All performance quoted is past performance and is no guarantee of future results. Investment return and principal
value will fluctuate with changing market conditions so that shares, when redeemed, may be worth more or less than their original
cost. Current performance may be lower or higher than the return figures quoted. Returns would have been lower if certain of the
Fund's fees and expenses had not been waived. Please see the Fund's most recent month-end performance.
Fees and Expenses
Annual Operating Expenses
Fiscal Year 2007 (ended 12/31/07)
Gross1
1.41%
1 Ratio has been restated to reflect current management and administrative and shareholder servicing fees expected to be incurred by the Funds and paid to the Advisor. The Advisor has contractually agreed to waive fees and reimburse expenses to the extent needed to limit total annual operating expenses to 1.50% until October 31, 2009. Matthews Asia Funds do not charge 12b-1 fees.
Sir John Templeton, an astute contrarian and pioneer of international investing once said, “Bull markets are born on pessimism,
grow on skepticism, mature on optimism and die on euphoria.” During the past year, global equity markets have gone from a state of
euphoria to one of pessimism bordering on depression as we entered into October. During the quarter, the focal point of anxiety in
equity markets shifted from global inflationary pressures to the ongoing viability of the global financial system. While the
epicenter of the credit crisis and its secondary effects on global economic growth have mainly resided in the U.S. and Europe,
shares in Asian companies sold off as risk aversion rose. This was especially true for companies reliant on easy access to credit.

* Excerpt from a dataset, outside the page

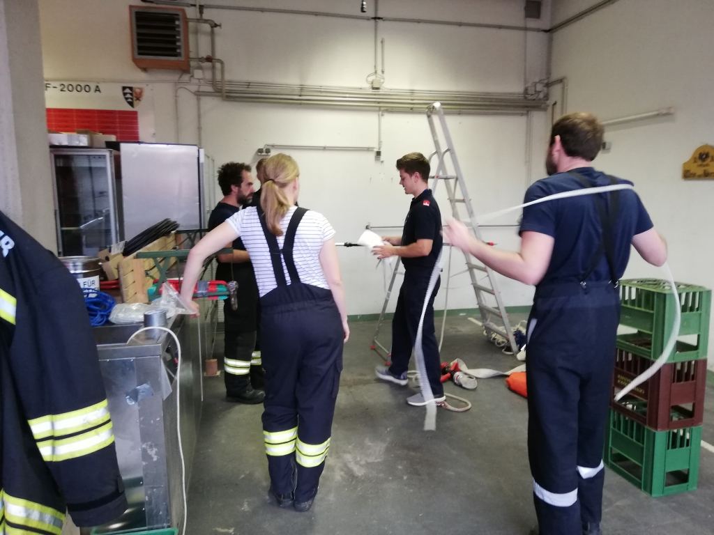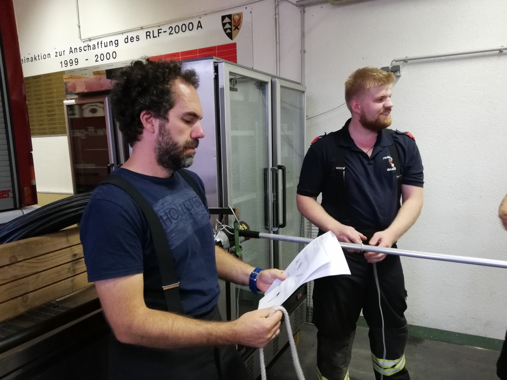 Im Zuge unserer heutigen Monatsübung beschäftigten wir uns mit dem richtigen Arbeiten mit tragbaren Leitern, sowie der Anwendung von Leinen und Knoten im Feuerwehrdienst. Die Gaadner Feuerwehr verfügt über zwei Schiebeleitern sowie eine Steckleiter, die im Einsatzfall eine Arbeits- und Rettungshöhe bis zu knapp 12 Metern erlauben. Bei einem Gewicht von circa 70 Kilogramm bei der größten Leiter müssen die richtigen Handgriffe sitzen – dazu schulten uns die beiden Übungsausarbeiter OBI Erich Muck und LM Bernhard Stark im Stationsbetrieb mit zwei Gruppen theoretisch als auch praktisch über die richtigen Arbeitsweisen. Auch die Knoten, welche im Feuerwehrdienst benötigt werden, wurden von jedem Teilnehmer geübt und aufgefrischt. Nach knapp eineinhalb Stunden wurde die Übung beendet.

However, long-term investors would be well served to pay more attention to the insights of Sir John Templeton than the daily gyrations
of the stock ticker. As volatility increases, investors tend to shorten their investment horizon and question the rationale of their
investments. However, falling equity markets, while painful in the short term, also represent periods of opportunity, especially for
investors who can stomach the volatility and maintain a long-term time horizon.

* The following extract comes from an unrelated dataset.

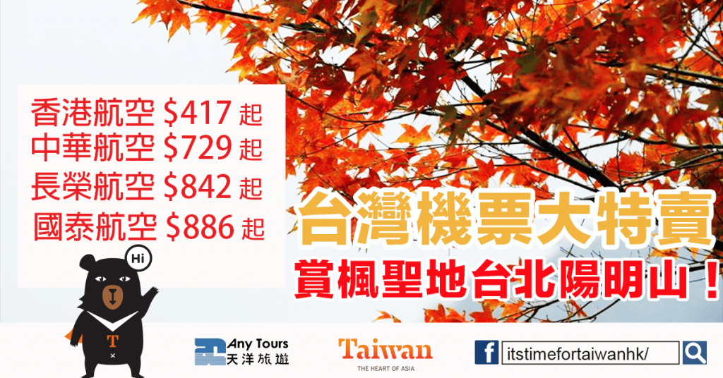 出發台北賞楓 + 台灣機票大特賣!港航飛台北$417起,華航飛台灣$729起,長榮飛台北$842起,國泰飛台灣$886起 – Any Tours天洋旅遊

Today, the investment universe of companies available to the Fund has greatly expanded compared to a year ago. The sell-off has
allowed the Fund to consider and purchase shares in companies we deemed to be strong future dividend growers. These companies were
previously not attractive due to demanding valuations. Another category of investment opportunity has involved companies that,
in our opinion, had experienced selling in excess of fundamentals. This was exemplified by the Fund’s addition of two Japanese real estate
investment trusts (REITs), MID REIT and United Urban Investment Corp. The REIT sector in Japan, particularly REITs with a market
capitalization of less than $1 billion, had experienced severe selling year-to-date due to concerns of an asset/liability mismatch in
the funding of property purchases. In Japan, property acquisitions had mainly been financed with cheap short-term debt, which greatly
increased refinancing risk, especially as previously abundant access to credit dried up. However, as a result of falling share prices,
the dividend yield had increased to 11.9% and 7.8%, respectively, for the two REITs, representing a wide spread over the local 10-year
government bond yield at 1.5%. Furthermore, both REITs had resolved their immediate financing needs and were trading below the value of
their property portfolios.
The relative outperformance of the Fund vis-à-vis its benchmark during the first nine months of the year underscores the notion that when
it comes to investing in the Asia Pacific region, just as in the U.S., strategy does matter. The Fund’s focus on companies with strong and
sustainable cash flows, limited debt levels and growing dividends, offered some resilience even as selling of Asian equities in many cases
appeared indiscriminate. Companies with less leverage and strong operational cash flows have less need to tap credit markets, insulating them
somewhat from a lack of short-term credit to finance capital expenditures or meet short-term working capital needs. Importantly, it also
provides funding for ongoing growth in dividend payments.
The views and opinions in this commentary were current as of September 30, 2008. They are not guarantees of performance or investment
results and should not be taken as investment advice. Investment decisions reflect a variety of factors, and the managers reserve the right to
change their views about individual stocks, sectors, and the markets at any time. As a result, the views expressed should not be relied upon as a
forecast of the Funds' future investment intent.
Statements of fact are from sources considered reliable, but neither the Funds nor the Investment Advisor makes any representation or guarantee as to their completeness or accuracy.
As of 9/30/08, MID Reit, Inc. accounted for 0.9% of the Matthews Asia Pacific Equity Income Fund, and United Urban Investment Corp. accounted for 0.6% of the Fund.